Love how how everyone has a different beginning but a very similar ending! Awesome man!!


----------



## ECKSRATED (Dec 13, 2017)

I started lifting when I was 14 in my basement. Bench and curls. I was 141 pounds at 5 foot 8 and was benching around 255 after the first month or so of lifting. Me and my two buddies would smoke so much weed and then just bench and curl for hours. Lol. 

Joined a real gym when I was 16 cus my brother made me. He was all juiced up and jacked so he taught me how to lift for the most part. I started deadlifting and was hitting around 455 when I was like 20. Maybe 175 pounds then. I was benching mid 3s and wasn't squatting yet. I finally got up to about 195 pounds naturally.  Around 23 I found opiates. ****ed me up. Took over my life. Went down to about 160 pounds. After 3 years of battling that I finally kicked it and got back in the gym. Not training bothered me the most about doing drugs. I ****ing hated it. 

I got back up to 195 pounds naturally then hurt my shoulder pretty bad.
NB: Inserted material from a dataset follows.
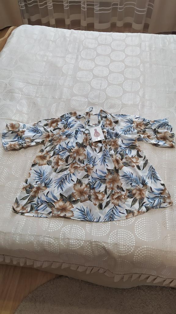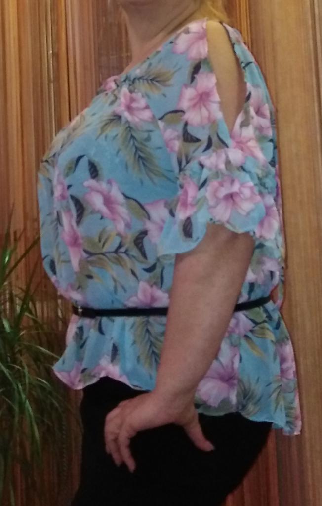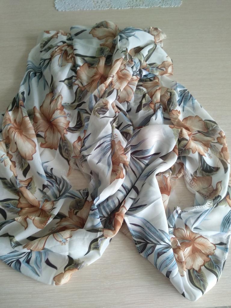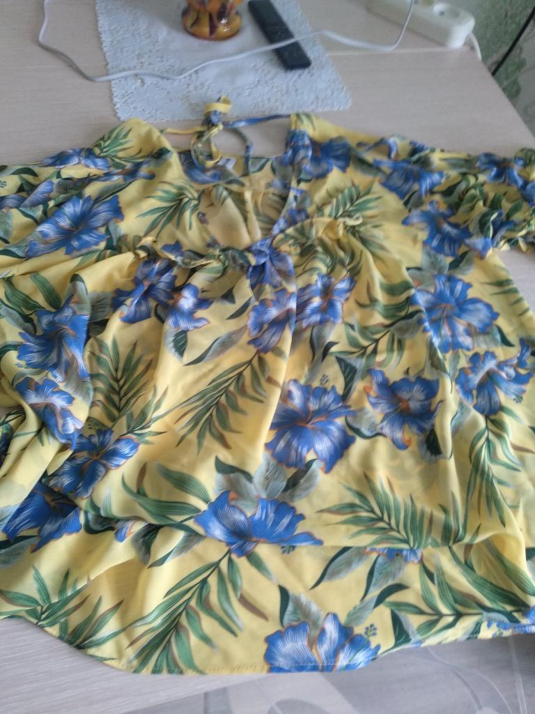 Блузка сшита неплохо, но ткань тонюсенькая, на фото выглядит как будто плотнее. Размер на 50-52 свободно, но на лето самое оно. Цвет намного беднее, чем на картинке. Есть небольшой запах, но не критично, как у всех новых вещей. Без пояска будет развеваться на ветру. В общем, на троечку.

Couldn't do much pressing or pulling. I found deca in researches and gave it a shot. It healed my shoulder. It was awesome. That's why I love nandy so much. 

Fast forward to today I'm 33 years old, 240 pounds and pretty damn lean for how I eat. Ive competed 3 times in powerlifting, bench mid 5s, squats low 7s and for **** sake will pull 700 soon. 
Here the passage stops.